Mein Rose-Rad von 2010 hat teilintegrierte Leitungen. Man kann sie komplett wechseln, ohne irgendwas abbauen/ausbauen zu müssen. Ob ich damit 1,2 Watt verliere und ein paar cm Wäscheleine zu sehen ist, unwichtig.
Demnächst bekommt es eine Dura Ace 11-fach spendiert. Damit ist dann ganz sicher die 6kg Grenze unterschritten.
Gefahren wird max 25mm und tubular.
Mehr passt wohl auch nicht rein.
Ja, auch 2026 kann man noch so fahren, ohne vorher ein Testament geschrieben zu haben.
Bin gespannt, ob sich der Trend zu immer spezieller, komplizierter, weniger selbst schrauben, noch weiter entwickelt.
Vielleicht geht's irgendwann wieder zu Youngtimer und Co zurück.
 
Kurze Frage:

Ich möchte die Milkit Ventile probieren die sollen durch das Gummi am Ventilschaft nicht mehr verkleben da die Dichtmilch nicht ins Ventil laufen kann. Hat damit jemand Erfahrungen? Funktioniert das gut oder eher Marketing?

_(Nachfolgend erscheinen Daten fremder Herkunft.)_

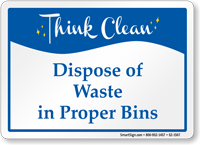 Think Clean Sign: Dispose Of Waste In Proper Bins S2-1567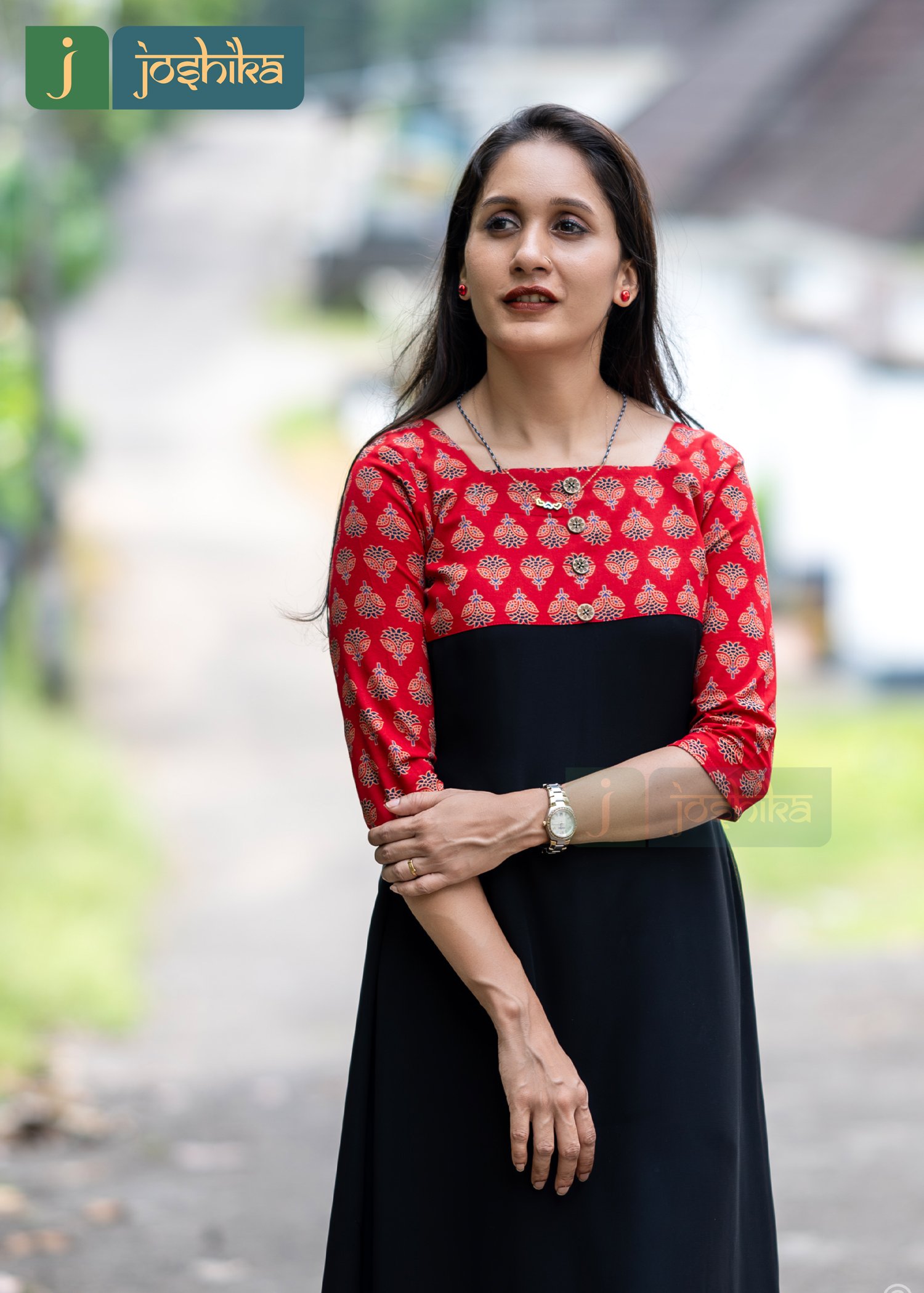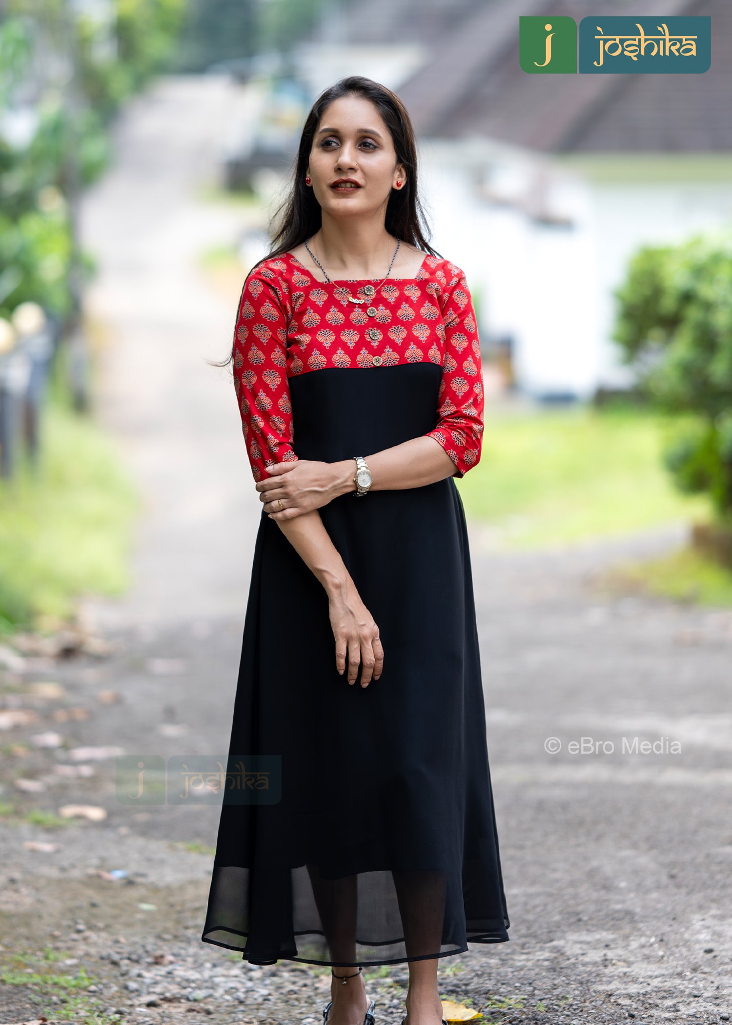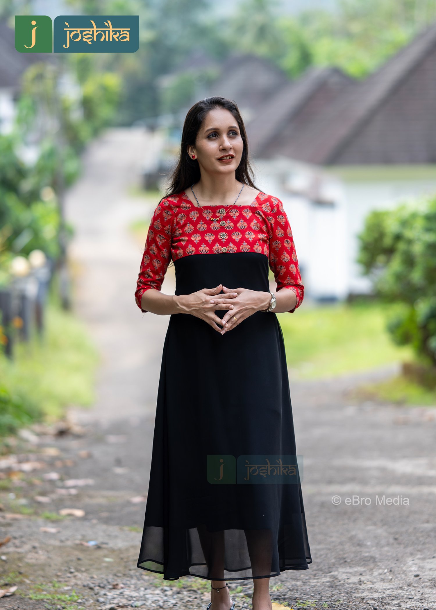 Black color A-line georgette kurta with ajrakh patterned yoke, embellished with coconut shell buttons, red ajrakh yoke with gold patterns,3/4th sleeves with the same ajrakh material.

https://r2-bike.com/MILKIT-Ventil-Kit-fuer-Tubeless-Systeme-45-mm
Gute Idee, hat bei mir aber nur kurz funktioniert. Auf den Ventilkern ist eine Verlängerung aufgesteckt, die beim Pumpen die zusätzliche untere Dichtung öffnet. Diese Verlängerung hat sich aber recht schnell vom Ventilkern gelöst, und bleibt dann im Ventilschaft bzw. in der Dichtung stecken.
Bin dann recht schnell wieder auf "normale" Tubeless Ventile gewechselt. Mit Clik Valve funktioniert das System auch nicht und darauf würde ich auch nicht mehr verzichten wollen.
 
Gute Idee, hat bei mir aber nur kurz funktioniert. Auf den Ventilkern ist eine Verlängerung aufgesteckt, die beim Pumpen die zusätzliche untere Dichtung öffnet. Diese Verlängerung hat sich aber recht schnell vom Ventilkern gelöst, und bleibt dann im Ventilschaft bzw. in der Dichtung stecken.
Bin dann recht schnell wieder auf "normale" Tubeless Ventile gewechselt. Mit Clik Valve funktioniert das System auch nicht und darauf würde ich auch nicht mehr verzichten wollen.
Ok danke dann ist das wohl eher nix.

Dichtmilch kann man ja auf durch jedes andere Ventil absaugen, nachfüllen und kontrollieren, den Sinn dass der Druck im Reifen bleibt verstehe ich irgendwie nicht. Ist ja kein Problem den Ventilkern wieder reinzudrehen und den Reifen aufzupumpen.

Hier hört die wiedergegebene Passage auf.